> EXERCISE OBJECTIVE
Copy out the full data exactly as given; pictures should not be included.

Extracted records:

-.-.-

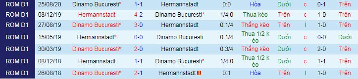 + Lịch sử đối đầu Hermannstadt vs Dinamo Bucuresti
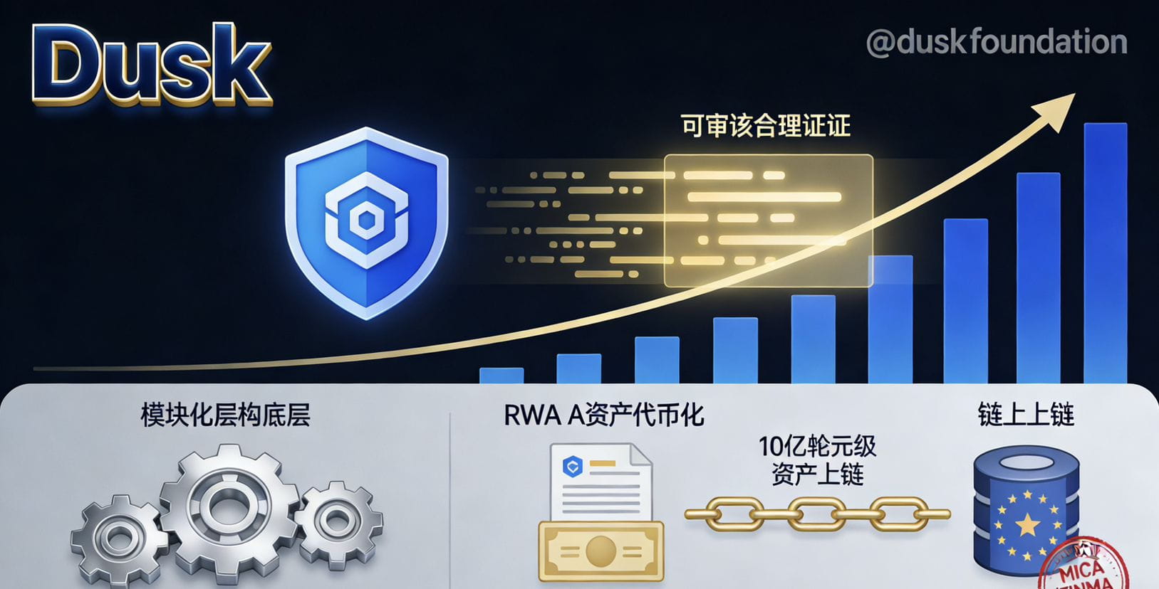 Dusk的独特之处在于,它的零知识证明体系并非简单的数据隐藏工具。其深层目标,是服务于真实世界资产(RWA)的大规模、合规化上链。想象一下,机构如何在链上处理价值数万亿的证券或债券,同时满足欧盟MiCA、FINMA等全球监管机构的苛刻要求?Dusk提供的,正是一件“隐身衣”和一副“合规眼镜”的结合体。它允许敏感的商业信息被加密保护,同时又能为必要的审计生成无可辩驳的合规证明。这种“双buff”加持,使其成为传统金融巨头迈向数字世界时,一个技术上可行且监管上安全的桥梁。
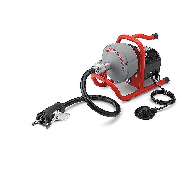Renser afløb fra 30 mm til 50 mm på op til 10,7 m. Ideel til éhåndsbetjening, hvor pladsen er trang. Føringsslangen forhindrer, at den roterende spiral beskadiger håndvaske, fliser mv. Typiske anvendelsesområde: håndvaske, badekar, bruseafløb, urinaler, og hvor pladsen er trang. 230 V, automatisk fremføring, pneumatisk fodkontakt. Leveres med C-13 spiral 8 mm x 10,7 m Vægt 35 kg.
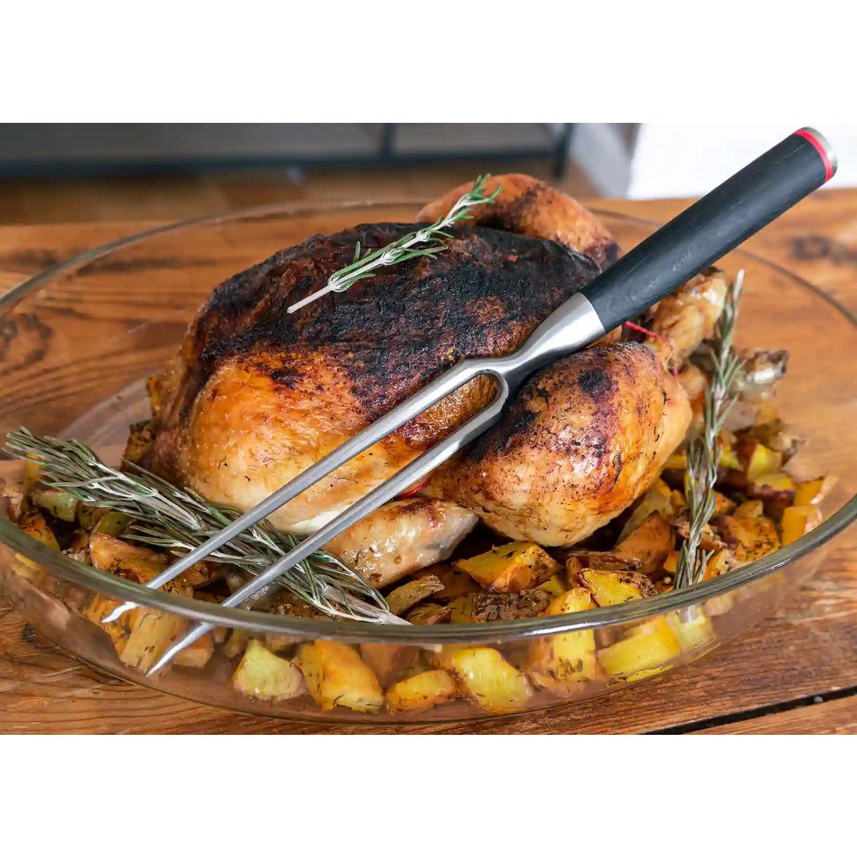 Meester de kunst van het vlees snijden met deze professionele KOTAI vleesvork van 27cm. Speciaal ontworpen voor de Nederlandse BBQ-liefhebber en thuiskok die houdt van veiligheid, precisie en stijl bij het prepareren van perfecte vleesgerechten.
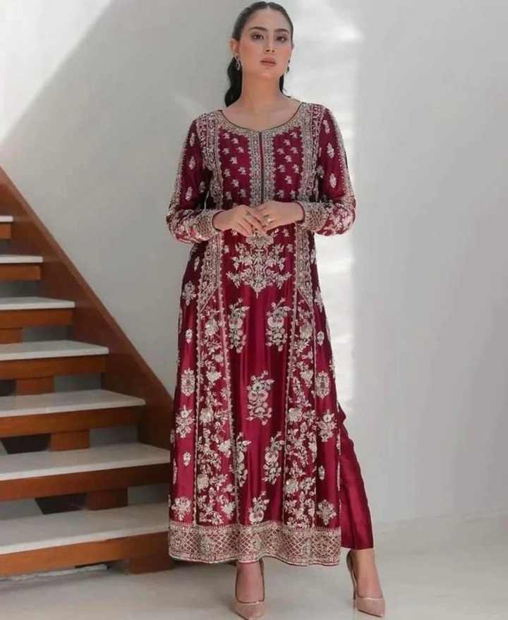 A deep maroon ensemble adorned with intricate silver thread work and delicate floral embroidery. The luxurious fabric flows gracefully, enhanced by detailed patterns that reflect classic Eastern craftsmanship. Flattering straight cut with full sleeves and a round neckline, this design strikes the perfect balance between traditional charm. The embellished borders and rich embroidery make it an ideal choice for festive occasions, weddings, or formal gatherings.
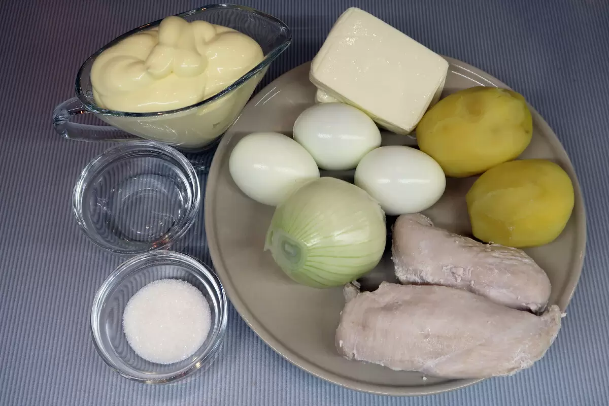 Тем временем, нарезать куриное филе на маленькие кусочки, отварить картошку и натереть её на средней терке. Яйца также подготовить: отделить желтки от белков, натерев желтки на мелкой терке, а белки — на крупной. Плавленые сырки удобно натереть, предварительно поместив их в морозильник на 30 минут.
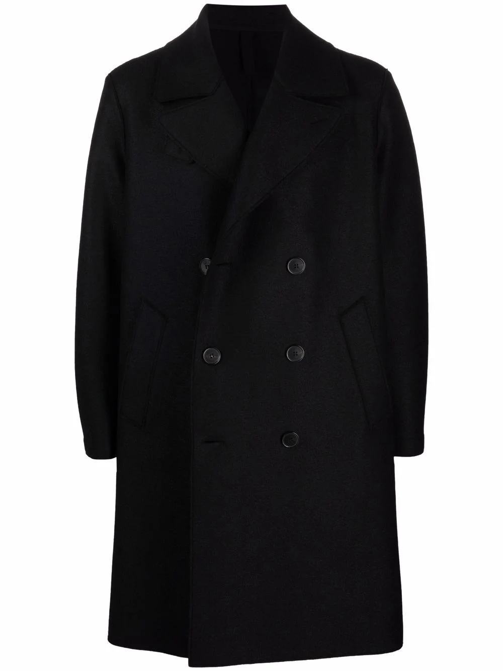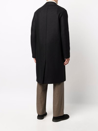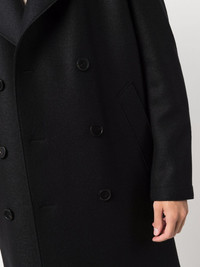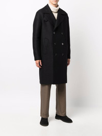 double-breasted tailored coat Highlights - Black - Virgin wool - Slim cut - Double-breasted button fastening - Classic lapels - Button fastening - Long sleeves - Mid-length Made in Italy Composition Virgin Wool 100% SIZE & FIT Model measurements Height 6 ft 1 in(1.86 m) Bust/Chest 35.43 in(90 cm) Hips 35.43 in(90 cm) Waist 29.92 in(76 cm) FittingInformation This piece fits true to size. We recommend you get your regular size Cut for a loose fit Made with a mid-weight fabric
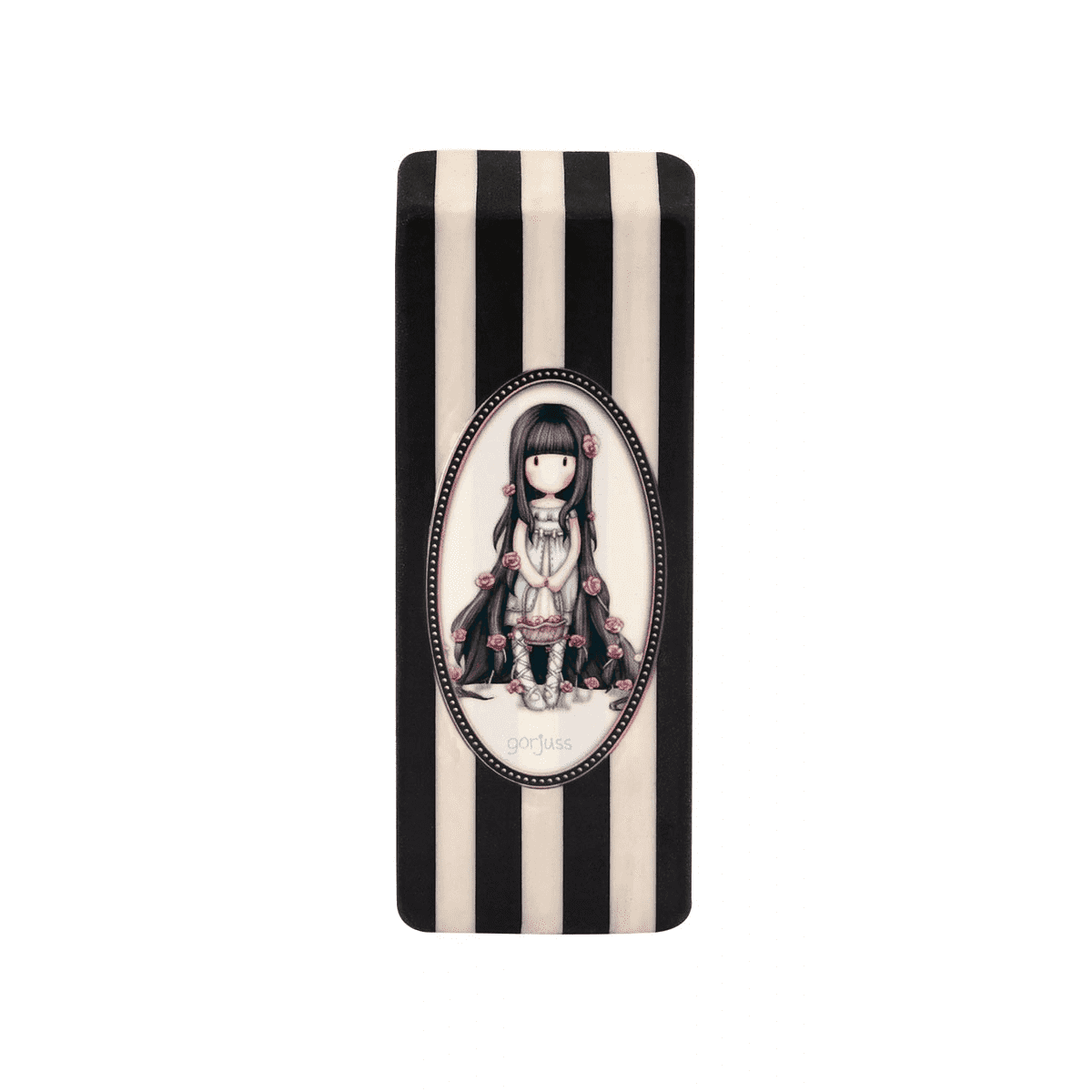 - Na gumce znajduje się wizerunek Dziewczynki Gorjuss otoczony złotą ramką. Cała gumka pokryta jest biało-czarnymi paskami.

-.-.-

> THE COMPLETED TASK
 + Lịch sử đối đầu Hermannstadt vs Dinamo Bucuresti
 Dusk的独特之处在于,它的零知识证明体系并非简单的数据隐藏工具。其深层目标,是服务于真实世界资产(RWA)的大规模、合规化上链。想象一下,机构如何在链上处理价值数万亿的证券或债券,同时满足欧盟MiCA、FINMA等全球监管机构的苛刻要求?Dusk提供的,正是一件“隐身衣”和一副“合规眼镜”的结合体。它允许敏感的商业信息被加密保护,同时又能为必要的审计生成无可辩驳的合规证明。这种“双buff”加持,使其成为传统金融巨头迈向数字世界时,一个技术上可行且监管上安全的桥梁。
Renser afløb fra 30 mm til 50 mm på op til 10,7 m. Ideel til éhåndsbetjening, hvor pladsen er trang. Føringsslangen forhindrer, at den roterende spiral beskadiger håndvaske, fliser mv. Typiske anvendelsesområde: håndvaske, badekar, bruseafløb, urinaler, og hvor pladsen er trang. 230 V, automatisk fremføring, pneumatisk fodkontakt. Leveres med C-13 spiral 8 mm x 10,7 m Vægt 35 kg.
 Meester de kunst van het vlees snijden met deze professionele KOTAI vleesvork van 27cm. Speciaal ontworpen voor de Nederlandse BBQ-liefhebber en thuiskok die houdt van veiligheid, precisie en stijl bij het prepareren van perfecte vleesgerechten.
 A deep maroon ensemble adorned with intricate silver thread work and delicate floral embroidery. The luxurious fabric flows gracefully, enhanced by detailed patterns that reflect classic Eastern craftsmanship. Flattering straight cut with full sleeves and a round neckline, this design strikes the perfect balance between traditional charm. The embellished borders and rich embroidery make it an ideal choice for festive occasions, weddings, or formal gatherings.
 Тем временем, нарезать куриное филе на маленькие кусочки, отварить картошку и натереть её на средней терке. Яйца также подготовить: отделить желтки от белков, натерев желтки на мелкой терке, а белки — на крупной. Плавленые сырки удобно натереть, предварительно поместив их в морозильник на 30 минут.
 double-breasted tailored coat Highlights - Black - Virgin wool - Slim cut - Double-breasted button fastening - Classic lapels - Button fastening - Long sleeves - Mid-length Made in Italy Composition Virgin Wool 100% SIZE & FIT Model measurements Height 6 ft 1 in(1.86 m) Bust/Chest 35.43 in(90 cm) Hips 35.43 in(90 cm) Waist 29.92 in(76 cm) FittingInformation This piece fits true to size. We recommend you get your regular size Cut for a loose fit Made with a mid-weight fabric
 - Na gumce znajduje się wizerunek Dziewczynki Gorjuss otoczony złotą ramką. Cała gumka pokryta jest biało-czarnymi paskami.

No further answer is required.